Popularity of Songs on Spotify

Andrew Lee
4 min readApr 26, 2021

Introduction

Spotify is one of the largest music streaming platforms in the world, boasting 155 million premium subscribers and 345 million monthly active users. With that comes a treasure trove of data on users’ preferences when it comes to music. I wanted to dive deeper into some of this data to find insights on what makes certain songs more popular than others.

Description of the Data

The Spotify dataset was found on Kaggle, and contains audio features on ~175,000 songs from 1921–2021. For this analysis, I restricted the dataset to songs that were released from 2010–2020 (I love music from the 2010s).

Features

Primary

id (Id of track generated by Spotify)

Continuous Variables:

acousticness (Ranges from 0 to 1)

danceability (Ranges from 0 to 1)

energy (Ranges from 0 to 1)

duration_ms (Integer typically ranging from 200k to 300k)

instrumentalness (Ranges from 0 to 1)

valence (Ranges from 0 to 1)

popularity (Ranges from 0 to 100)

tempo (Float typically ranging from 50 to 150)

liveness (Ranges from 0 to 1)

loudness (Float typically ranging from -60 to 0)

speechiness (Ranges from 0 to 1)

year (Ranges from 1921 to 2020)

Dummy

mode (0 = Minor, 1 = Major)

explicit (0 = No explicit content, 1 = Explicit content)

Categorial Variables

key (All keys on octave encoded as values ranging from 0 to 11, starting on C as 0, C# as 1 and so on…)

artists (List of artists mentioned)

release_date (Date of release mostly in yyyy-mm-dd format, however precision of date may vary)

name (Name of the song)

DataFrame

Statistical Methods

Before I proposed a hypothesis, I wanted to see which feature of this dataset had the highest correlation to ‘popularity’, which measures the popularity of the song from a scale of 0–100.

After careful examination, I found that ‘instrumentalness’ had the highest absolute correlation to song ‘popularity’ with a correlation of -0.4195. Instrumentalness is a measure from 0 to 1, where a value closer to 1 indicates a greater likelihood the track contains no vocal content.
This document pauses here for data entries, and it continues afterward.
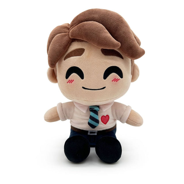 Nick just turned the corner after giving Charlie a kiss goodbye and is blushing so bright he doesn't need his jacket! This new 9 inch tall plush shows Nick seated with his legs kicked forward and wearing his school uniform without his jacket and vest. With perfectly quaffed brown hair swooped to the side and the sleeves oh his white shirt rolled up, sitting over his heart is a red heart to show his love for Charlie as his face is happy and is blushing in the way only kissing the love of your life can make you! This plush is packed to the seams with 100% PP cotton and is made of a mixture of minky, sublimated tricot and felt materials, perfect for cuddling and cuddling and cuddling some more!
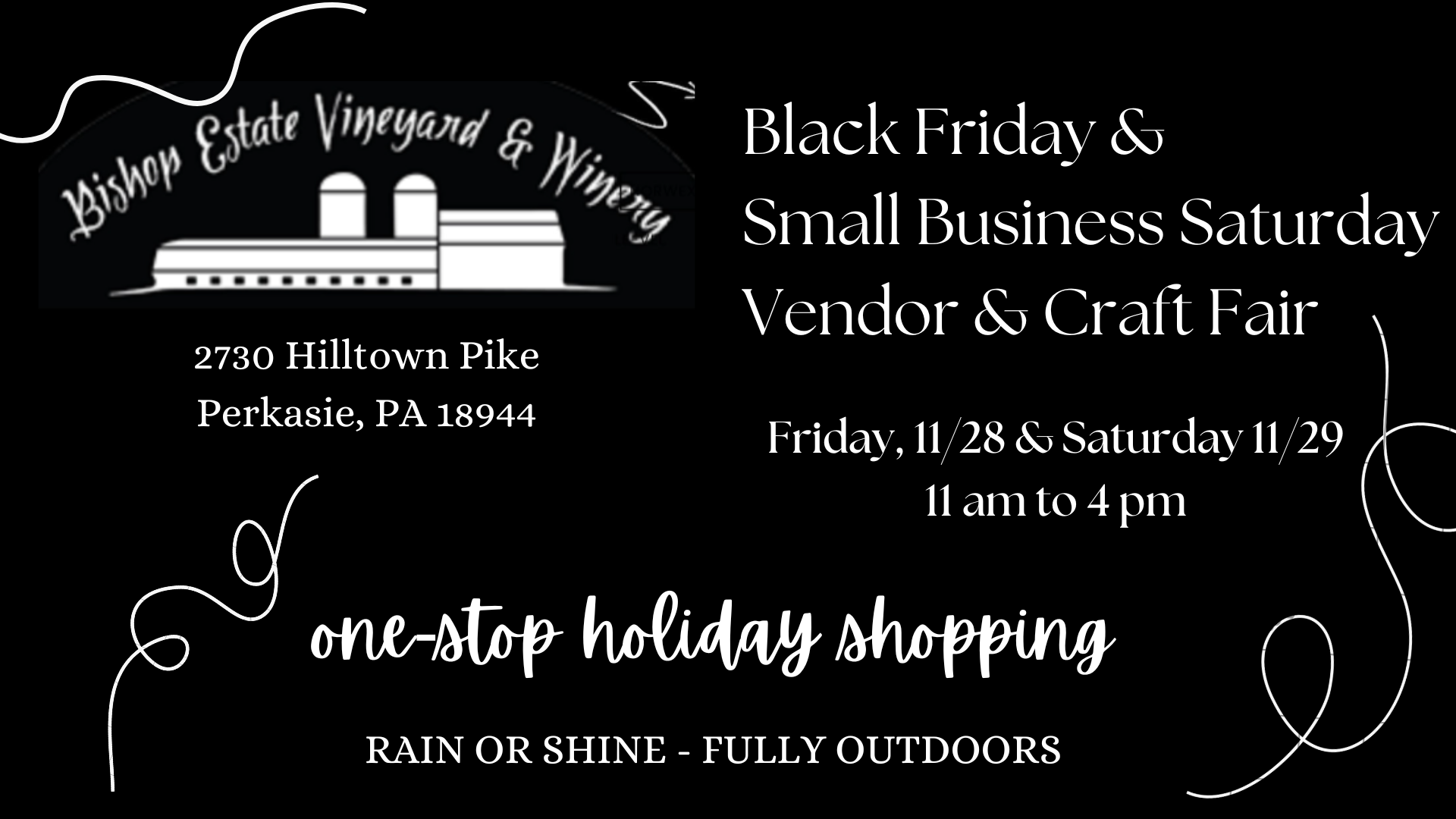 Bishop Estate Winery 2730 Hilltown Pike, Perkasie, PA, United StatesJoin Bishop Estate Winery for a festive outdoor market featuring over 100 local vendors—perfect for finding unique, personal holiday gifts you won’t get online! Admission is free, so come out between 11 AM and 4 PM to sip, shop, and celebrate the season. Enjoy a […]
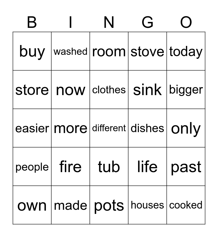 This bingo card has a free space and 24 words: fire, made, clothes, own, today, buy, store, washed, dishes, tub, sink, easier, life, past, now, houses, only, room, bigger, more, cooked, people, stove and pots.
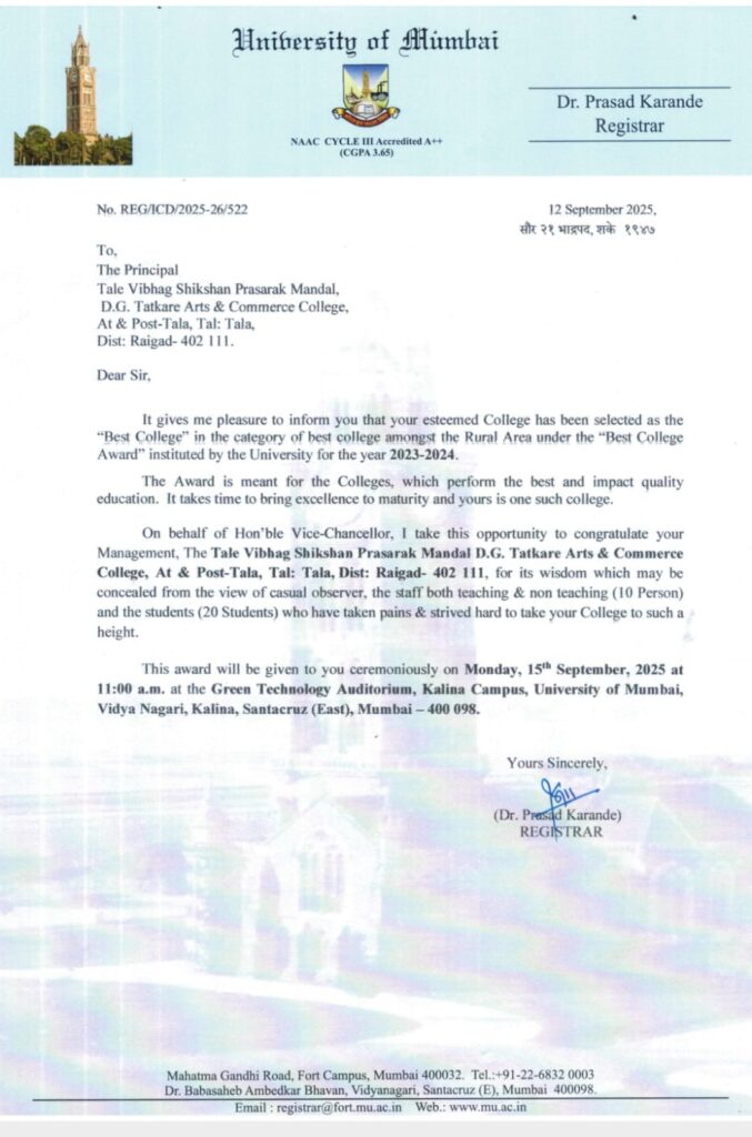 Tal. Tala, Dist - Raigad - 402111 02140-269575, 9273499354, dgtcollegetala1@yahoo.co.in
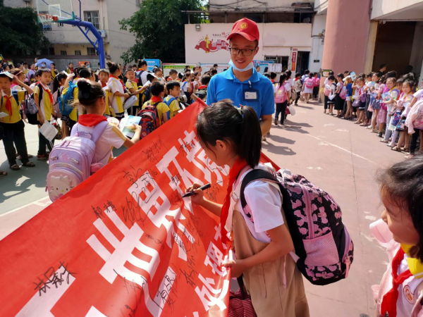 活動(dòng)中,志愿者們首先采取集中宣講和你問我答的方式向廣大師生廣泛普及環(huán)保知識(shí);呼吁廣大師生積極參與到環(huán)境保護(hù),堅(jiān)持從自己做起、從身邊做起,節(jié)約每一滴水、每一度電、每一張紙,進(jìn)一步調(diào)動(dòng)了全體學(xué)生爭(zhēng)做“環(huán)保小衛(wèi)士”的熱情。同時(shí),也希望用師生們的實(shí)際行動(dòng)影響和帶動(dòng)各自家庭的每一個(gè)人,讓更多的人共同參與到生態(tài)環(huán)境保護(hù)工作中來,爭(zhēng)做環(huán)境保護(hù)的宣傳員和行動(dòng)者,實(shí)現(xiàn)人人關(guān)心環(huán)保、人人參與環(huán)保的良好氛圍。其次,志愿者們積極開展了“美麗中國、我是行動(dòng)者”簽名承諾活動(dòng),全校師生更是踴躍參加,并主動(dòng)宣誓承諾,一定做一名合格的“環(huán)保小衛(wèi)士”。

Instrumentalness would be interesting to analyze because I will be able to figure out if there is a statistically significant relationship between a song’s vocal content and its popularity.

Correlation Table

Correlation Table showing correlations between columns

Hypothesis

Null Hypothesis: Songs with low ‘instrumentalness’ values and songs with high ‘instrumentalness’ values have THE SAME mean ‘popularity’ scores (‘Instrumentalness’ does not affect song ‘Popularity’).

Alternative Hypothesis: Songs with low ‘instrumentalness’ values and songs with high ‘instrumentalness’ values have DIFFERENT mean ‘popularity’ scores (‘Instrumentalness’ affects song ‘Popularity’).

Significance Level: 95%

When preparing the data for analysis, I created a new feature ‘instrumental_level’ that provided a value of 0 if a song’s ‘instrumentalness’ value was less than or equal to 0.5, and 1 otherwise. Doing this was helpful for the two-sample statistical t-test I performed in the next step.

Create a new feature ‘instrumental_level’

I separated the dataset based on ‘instrumental_level’ (either 0 or 1) into separate DataFrames and compared the ‘popularity’ values of these two DataFrames in a two-sample t-test. This type of statistical test will help me figure out if ‘instrumentalness’ has a significant relationship with song ‘popularity’.

Two-sample t-test

Two-sample t-test

Results

The resulting t-statistic is 68.88 and p-value is 0. Based on these results, I conclude that I should reject the null hypothesis.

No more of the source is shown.